The Deployment Chronicles: Five Ways to Combat Loneliness

by | Jul 3, 2015 | Blog


We have all been through rough times, especially when dealing with military life. There are disappointments, fears, and the all too common feeling of loneliness.

Recently, the idea of loneliness has crept into my thoughts on a daily basis. You see, right now my husband is deployed, making me feel a little out on a limb. But, I know that family and friends are just a phone call or text away. What really did me in lately was saying goodbye to my lab-mix, Maggie. She was almost 15 years old. She was faithfully by my side through almost half of my life. Saying goodbye to her was one of the most difficult things I have ever had to do.

The feeling of loneliness at that point was and still is very real to me. No matter what was going on, I usually had my husband or Maggie around to remind me that there were others that needed to be tended to in the world. But now, it is just me. What I struggle with every day is how to overcome this feeling, not only for my sanity, but for my health during the remainder of my pregnancy. Maintaining control over my ever volatile emotions and health are major concerns.

Whether by myself or with tons of people around me every day, I came to realize that I can still feel very lonely. There are a few things that have helped me cope.

1. Take one day at a time.

When people ask me how I am doing, I still get a little choked up. As my husband likes to tell me, I am stubborn. I like putting up a strong front, but I am working on being more honest about when I need help. When I get asked this question, I find it hard to answer honestly, but the best way I can respond is by saying that I’m taking one day at a time. I have to constantly remind myself that I can’t control the future. No one can. Each day I wake up and tell myself that today I am going to do my best and what gets done, gets done and what doesn’t can wait until tomorrow. The world is not going to fall apart if I don’t get all the dishes in the sink washed and put away the same day I use them.

2. Make your health a priority.

Easier said than done most days. I had one break down day where I totally ate my feelings (yes box of Moon Pies, I am talking to you). If you are feeling lonely then you need to make yourself a priority. If you need to change something with your physical, nutritional, or mental health, then by all means do it!

  • Physical Health – Stay physically healthy by joining a workout group or participating in a workout challenge for the time your spouse is deployed or gone for a long period of time. I have found that I am able to sweat out a good amount of the stress that has built up around me. This has meant that sometimes I have been crying or on the verge of tears in a yoga class or at the gym. If this has happened to you then just do what I do and tell yourself that it is okay. Everything is going to be okay.
  • Nutritional Health – Sometimes focusing your energy on eating particularly healthfully can help you mentally, especially if you can pinpoint the way certain foods make you feel. I have foods that I keep around for comfort like pasta and rice.
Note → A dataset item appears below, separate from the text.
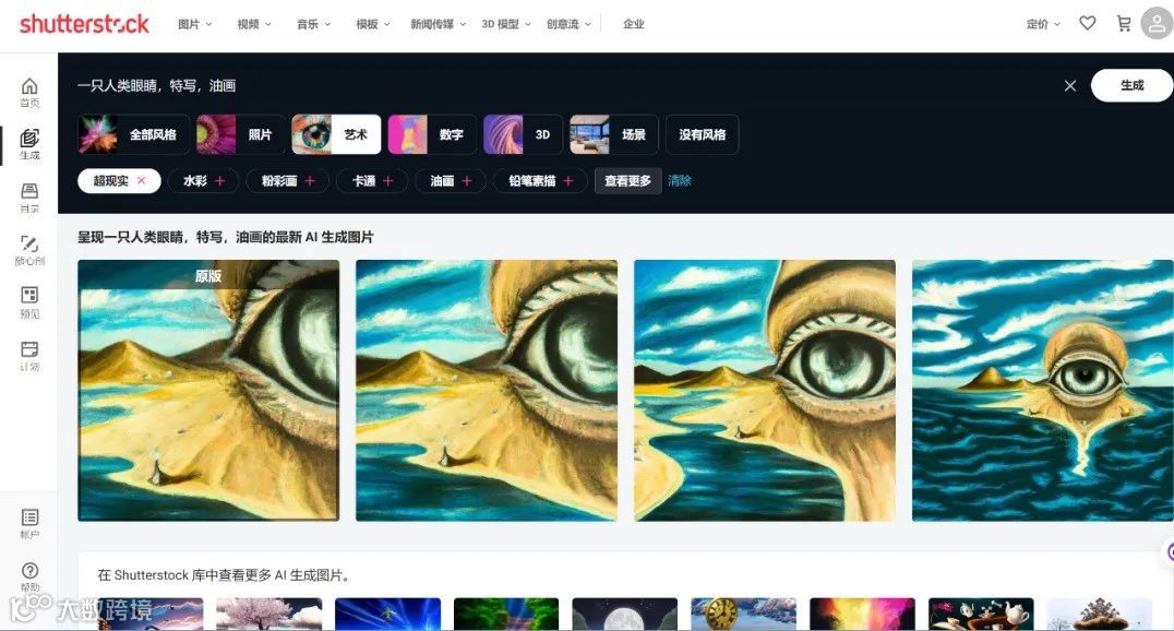 全球图库平台对AI态度分化。Shutterstock早在2024年10月即与OpenAI合作,将DALL-E 2集成至平台,并设立“贡献者基金”向被用于训练的数据提供者分配收益[[k]]。

When I make a dinner that includes these items I find that I am happier, but eating a tub of ice cream brings on the opposite emotions and I just want to crawl in a bed and cry myself to sleep.
  • Mental Health – Often, when I’m upset, I tell myself to put my big girl panties on and deal, because there are people out there that have it worse than me. But other times, I still need to have my breakdown moment. I know that if I have more than a few breakdowns in a short time period it is time to call my mom or talk to a friend. You need to acknowledge when you need help and when you need to talk to someone. I am lucky and I have a great support team that has offered advice on numerous fronts, like losing a pet, have a child while your spouse is deployed, and just living alone.

3. Get some shut eye.

Getting one or two extra hours of sleep can do wonders for your health. There are so many health benefits to getting a good night’s sleep. So why is it that sleep seems impossible when you’re feeling lonely? I wish I knew. But, when I feel lonely I know that sleep is one of the things that can help me the most so I order myself to set a routine — in bed by 10 p.m. and lights out by 11 p.m. This helps for those mornings that I wake up early and feel like getting in a yoga practice or a run (I loved a run in the morning before I had morning sickness!).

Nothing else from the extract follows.